TEST=> \pset pager off
Pager usage is off.
TEST=> show client_encoding;
 client_encoding
-----------------
 UTF8
(1 row)

Cluprit found; quite embarrassing that the source of such a verbose error as “Not enough memory.” being Microsoft didn’t occour sooner. So lets try a different pager (sourced from)

C:\>chcp 65001
Active code page: 65001

C:\>set PGCLIENTENCODING=UTF8
C:\>set PAGER="C:\Program Files (x86)\gnuwin32\bin\less"
C:\>set LESS=--quit-at-eof

C:\>"C:\Program Files (x86)\pgAdmin III\1.20\psql" -U glyn -d TEST -h pgtest
psql (9.4.0, server 9.4.4)
WARNING: Console code page (65001) differs from Windows code page (1252)
         8-bit characters might not work correctly. See psql reference
         page "Notes for Windows users" for details.
SSL connection (protocol: TLSv1.2, cipher: ECDHE-RSA-AES256-GCM-SHA384, bits: 25
6, compression: off)
Type "help" for help.

TEST=> show client_encoding;

 client_encoding
-----------------
 UTF8
(1 row)

(END)

Being cavalier with slony nodes and pg_dump/pg_restore

It’s generally a bad idea to do logical dump/restores of slony nodes, and for this reason slony provides the CLONE PREPARE/CLONE FINISH action commands to clone subscriber nodes.

In this instance though, I’ve a test environment where I’d stopped the slons, dumped out and dropped a subscriber database and then gone on to do some other testing with that postgres cluster. Sometime later I want to do some more testing with the slony cluster; I never dropped this node from the slony config, but in the meantime I’ve changed the postgres version from 9.0 to 9.4 and recreated the postgres cluster with initdb. Schema wise nothing has changed with the old nodes.

What follows is some fudge to make the node resume with replication, it’s neither recommended nor guaranteed to work. Copy this process at your peril.

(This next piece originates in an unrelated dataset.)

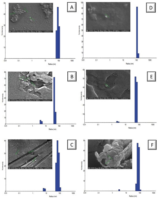DLS results in aqueous environment and SEM images of nonthiolated ((A–C) as NP1, NP2, NP3) and thiolated ((D–F) as NP4, NP5, NP6) NPs. (Scale bar: 500 nm).
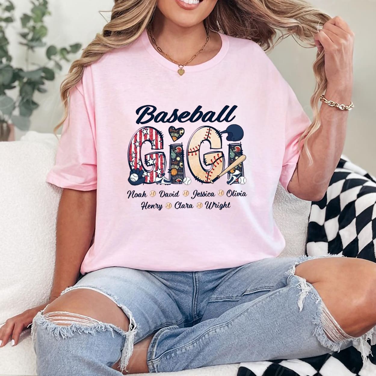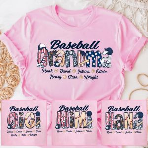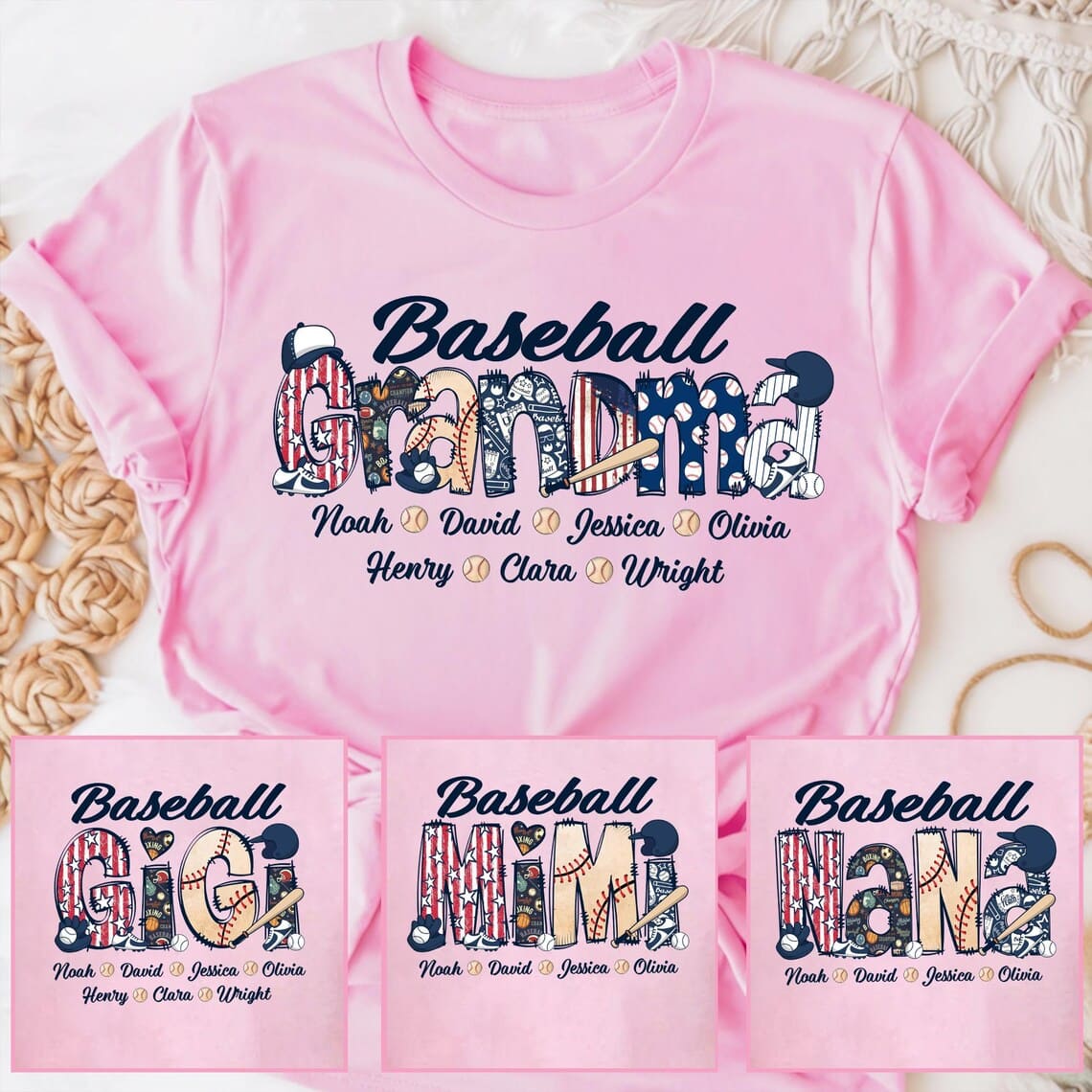 Personalized Baseball Grandma T-Shirt, Custom Baseball Mom with Kid’s Name Shirt, Baseball Mimi Nana Tee – The Best Mothers Day Gift

After recompiling the same version of slony I had before (2.2.4) and installing the binaries, I’ve just restored the old subscriber database dump into the new postgres 9.4 cluster and updated my extensions.

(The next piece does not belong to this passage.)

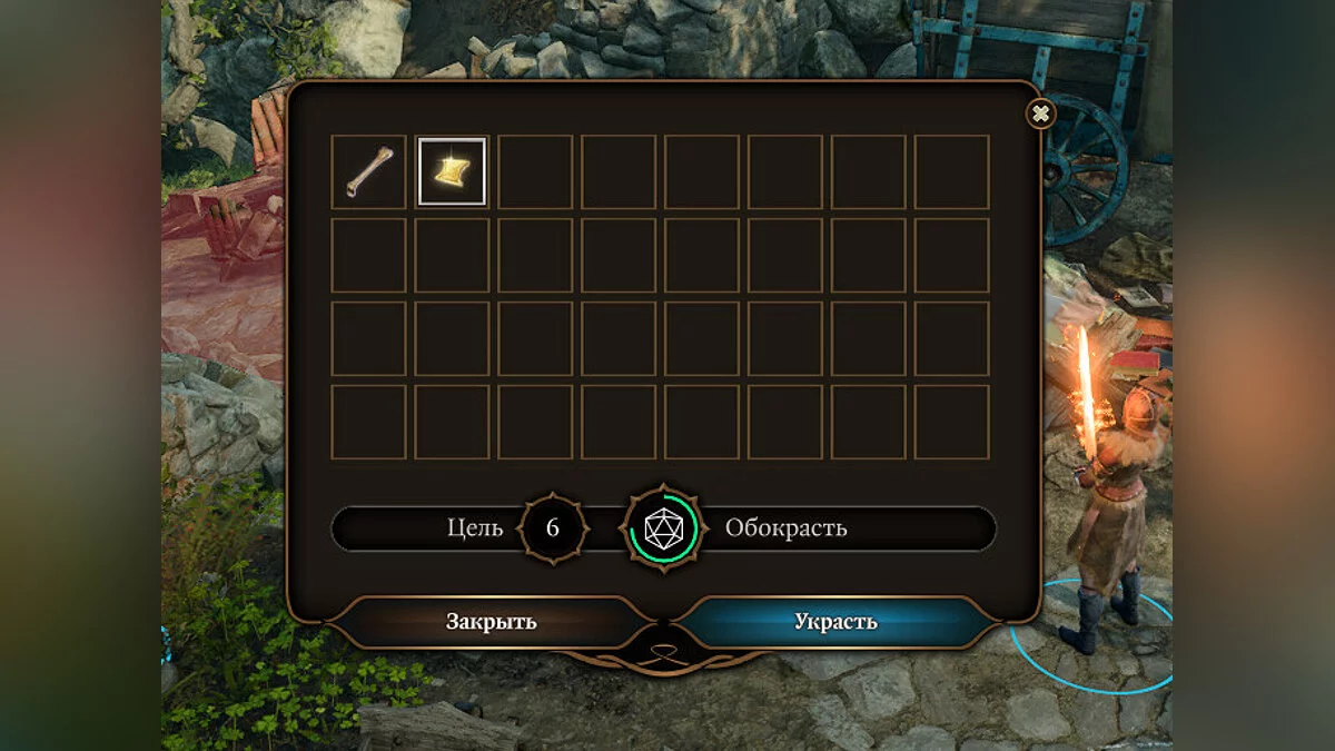Успех кражи зависит от ловкости персонажа и значения навыка «Ловкость рук». Выберите предмет, который хотите украсть. Значение, которое должно выпасть на кубике, будет указано правее поля «Цель». Нажмите на значок кубика, чтобы сделать проверку на успешность кражи и украсть предмет. Если вы провалитесь, NPC заметит это и начнётся бой. Сложность кражи зависит от размера и ценности предмета.

So what’s holding me off just restarting the slons now? Firstly slony stores the oid of each table participating in replication and these will surely have changed now. The following query produces a long list of tables where this is true:

[postgres]
TEST=# SELECT s.tab_set, s.tab_reloid, s.tab_nspname, s.tab_relname,
c.oid, n.nspname, c.relname
FROM _test_replication.sl_table s
JOIN pg_catalog.pg_class c ON c.oid = s.tab_reloid
JOIN pg_catalog.pg_namespace n ON c.relnamespace = n.oid
WHERE (s.tab_reloid, s.tab_nspname, s.tab_relname) <> (c.oid, n.nspname, c.relname);
[/postgres]

The fix here is pretty simple, I could run REPAIR CONFIG against the node, but instead I just hit the updatereloid(<set id>, <node id>) function directly:

[postgres]
TEST=# SELECT s.set_id, s.set_comment,
CASE _test_replication.updatereloid(s.set_id,1) WHEN 1 THEN ‘OK’ ELSE ‘FAILED’ END
FROM _test_replication.sl_set s;
[/postgres]

For clarity, my resurrected node is ID 1, and was a subscriber at the time it was destroyed.

Secondly slony stores the transaction ID for each replication event against the node, and if my resurrected node has a lower current xid then new events are going to look like they’re in the past compared to events that have already been generated against the node. I can see the current xid of my new postgresql cluster with the following query:

[postgres]
TEST=# SELECT txid_current();
txid_current
————–
25765
[/postgres]

And I can compare this to slony events generated against the node in its old incarnation as follows:

[postgres]
TEST=# SELECT max(txid_snapshot_xmax(ev_snapshot)), txid_current(), txid_current()-max(txid_snapshot_xmax(ev_snapshot)) AS delta
FROM _test_replication.sl_event where ev_origin = 1;

max | txid_current | delta
——-+————–+——–
89004 | 25767 | -63237
[/postgres]

So transaction ID wise my node is in the past, to bump that up I need about 63237 transactions to happen, if that were a lot higher I’d have to think of another way (perhaps by stopping all the slons and updating all values of ev_snapshot for node 1 on all nodes), but I can easily generate 60k transactions by hitting txid_current():

$ while [ 1 ]; do psql -U glyn -d TEST -tAc "SELECT txid_current();"; done
25768
25769
25770

<snip>

89002
89003
89004
89005
89006
^C
$ 

I can now restart my slons and replication should continue, and so far all appears well.